Sur le Roc Inaccessible
Victor de Cessole
Notre victoire inattendue sur le Corno Stella marquait un nouveau succès, et celui-ci était certainement le plus important, sur les magnifiques parois du vallon de l’Argentera: c’était en quelque sorte le couronnement de nos multiples campagnes dans cette région.
Comment apprécier es difficultés et les dangers d’une même ascension ? L’alpinisme a fait de nos jours de tels progrès, que les grands sommets des Alpes, les mêmes qui causèrent tant de peines et d’efforts aux premiers ascensionnistes il y a vingt ou trente ans, sont aujourd’hui facilement gravis par la foule des touristes. Le Roc Inaccessible, redevenu le Corno Stella en perdant sa virginité, rentrera peut-être un jour lui aussi dans la catégorie des sommets à la mode. Les futurs visiteurs trouveront-ils sa paroi accommodante? Je suis persuadé qu’elle leur réservera de violentes surprises.

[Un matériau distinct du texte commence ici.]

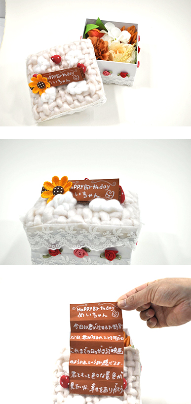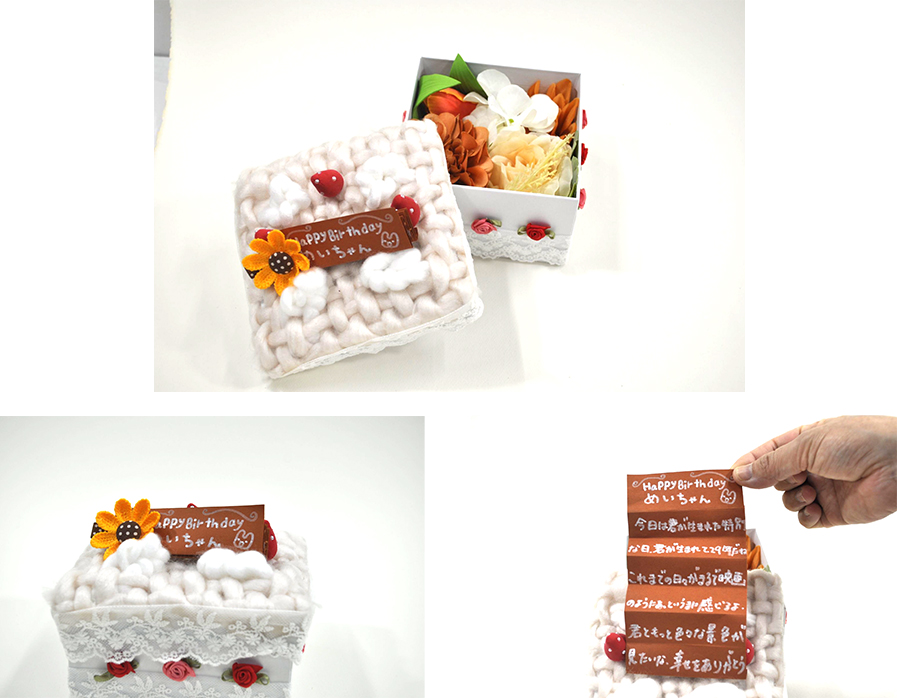 思わず目を奪われてしまうほど造形が美しく、オブジェクトとしてもかなり完成度が高い作品でした。メッセージ自体は「Happy Birthday」と極めてシンプルですが、カードそのものに込められた想いの強さが言葉を超えて伝わってきました。初めて見た瞬間に「玄関に置きたい」と思ってしまいました。

[...] Le Mauvais Pas, qui suffirait à la réputation d’un sommet de moindre importance que le Corno, constitue, pour celui qui monte le premier, un passage particulièrement délicat, à moins que l’on ne se décide un jour à apposer un câble le long de l’escarpement, ce qui diminuerait les risques et épargnerait utilement les forces du chef de la caravane. Lorsqu’une escalade doit s’effectuer dans un escarpement de ce genre, il n’y a nul doute que l’entreprise sera très sérieuse. C’est d'ailleurs ce qu’a dû supposer le berger du Gias du Saut, qui, tout en gardant ses moutons dans le haut vallon de l’Argentera, a assisté par hasard à notre avancée dans les roches du Corno Stella. Le jour de la tentative, il n’avait rien compris au genre de travail auquel nous étions venus nous livrer; le lendemain, très intrigué par notre retour au même endroit avec un attirail complet de cordes, de crampons et de piolets, il avait observé nos allées et venues. Il raconta le soir que «nous lui avions fait passer une mauvaise journée et qu’à certains moments, redoutant un malheur, il n’avait pu continuer à regarder nos mouvements».
Victor de Cessole
Alpiniste niçois (1859-1941) il apporte une contribution essentielle à la connaissance et à l’exploration des massifs de l’Argentera et du Mercantour. En vingt-sept ans d’alpinisme, il accomplit la première ascension d’environ quatre vingt dix montagnes et ouvrit quelques neuf cent vingt nouveaux itinéraires. Son nom reste indissociablement lié à la première montée au Corno Stella, réussie en 1903 en compagnie de guides de la vallée Jean Plent et Andrea Ghigo. Homme de grande culture, il fut pendant trente-trois ans Président du Club Alpin Français de Nice.